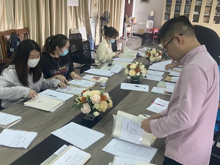 复赛阶段,由beat365平台唯一官网团委成立学院评审工作小组,beat365平台唯一官网党总支书记岳秀文任组长,陈肖利副院长任副组长,小组成员由各系主任、学院团委书记、教师代表构成。评审小组于5月25日下午4点30分集中在普照楼308办公室,为各班级推荐上来的课堂笔记打分。
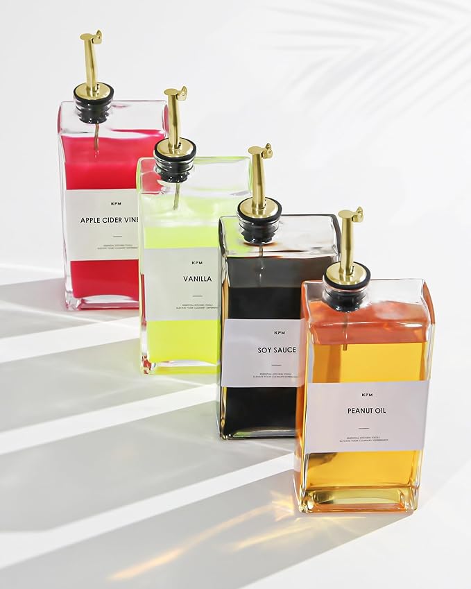 • [17OZ/500ML Large Capacity Oil Dispenser Set]: With elegant rectangular olive oil dispenser bottle set enhance your kitchen decor also very pragmatic. This set includes two high-quality 17 oz (500 ml) glass bottles, four gold pourers, a funnel, and 35 designed labels and 5 blank labels for your custom use.
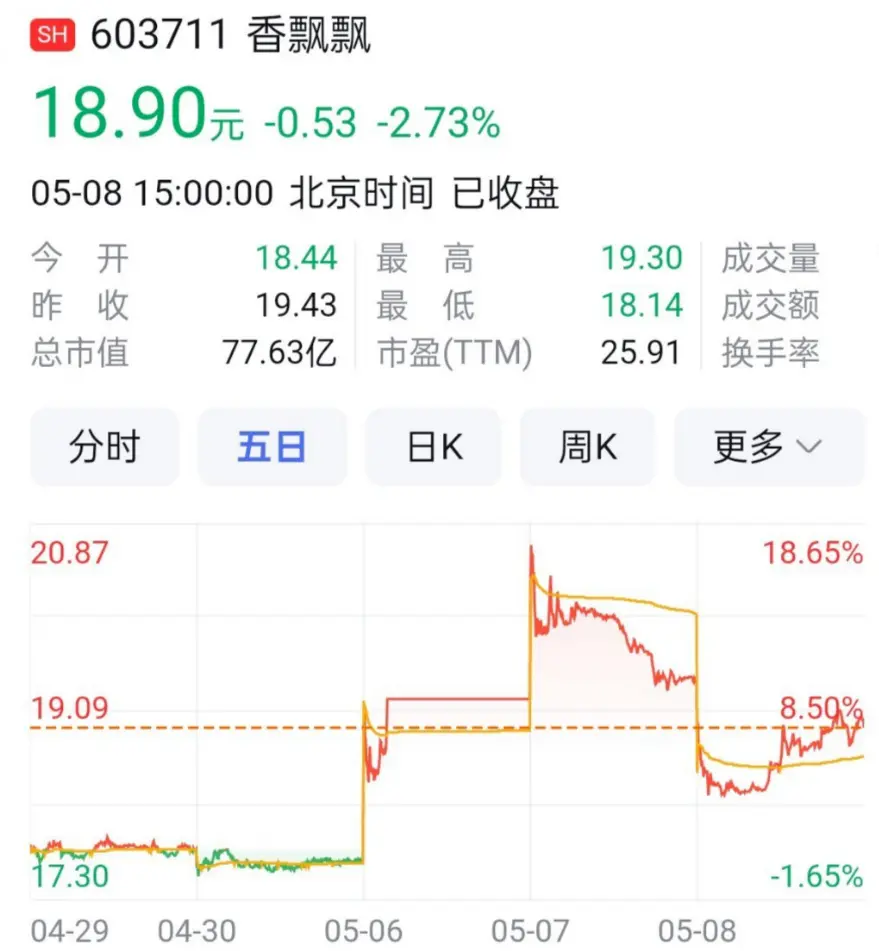 于是,香飘飘的口碑很快反转,从“国货之光”变成了“又一个割韭菜的”。5月8日,香飘飘的股价大跌,几乎回落至了涨停前的水平,直播间也恢复了往日的冷清。
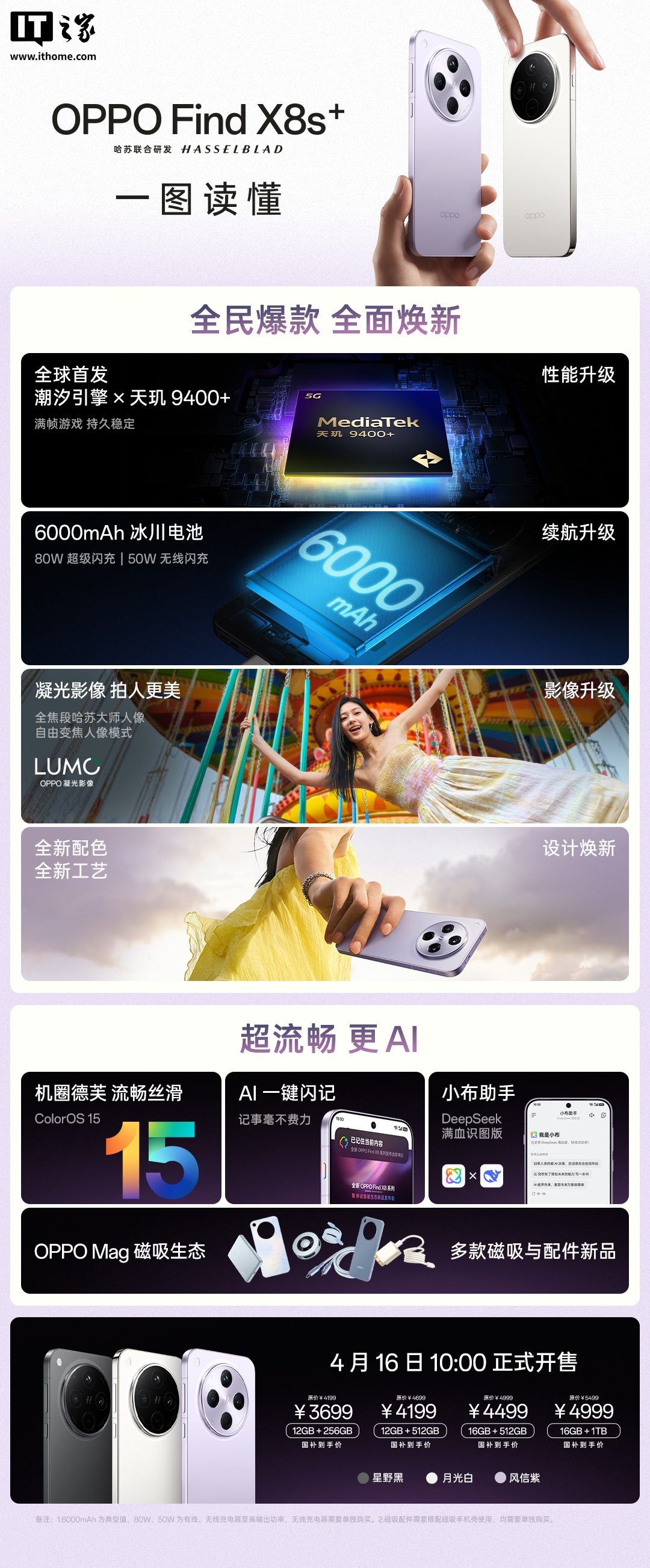 OPPO Find X8s + 同样搭载天玑 9400 + 处理器,配备了 6000mAh 的冰川电池,支持 80W 超级闪充和 50W 无线闪充。影像系统方面,Find X8s + 同样采用了哈苏人像技术,能够拍摄出更加出色的人像照片。

» **PROBLEM**: For this exercise, retype the listing above word for word and omit the pictures.

» **ANSWER BELOW**:
 复赛阶段,由beat365平台唯一官网团委成立学院评审工作小组,beat365平台唯一官网党总支书记岳秀文任组长,陈肖利副院长任副组长,小组成员由各系主任、学院团委书记、教师代表构成。评审小组于5月25日下午4点30分集中在普照楼308办公室,为各班级推荐上来的课堂笔记打分。
 • [17OZ/500ML Large Capacity Oil Dispenser Set]: With elegant rectangular olive oil dispenser bottle set enhance your kitchen decor also very pragmatic. This set includes two high-quality 17 oz (500 ml) glass bottles, four gold pourers, a funnel, and 35 designed labels and 5 blank labels for your custom use.
 于是,香飘飘的口碑很快反转,从“国货之光”变成了“又一个割韭菜的”。5月8日,香飘飘的股价大跌,几乎回落至了涨停前的水平,直播间也恢复了往日的冷清。
 OPPO Find X8s + 同样搭载天玑 9400 + 处理器,配备了 6000mAh 的冰川电池,支持 80W 超级闪充和 50W 无线闪充。影像系统方面,Find X8s + 同样采用了哈苏人像技术,能够拍摄出更加出色的人像照片。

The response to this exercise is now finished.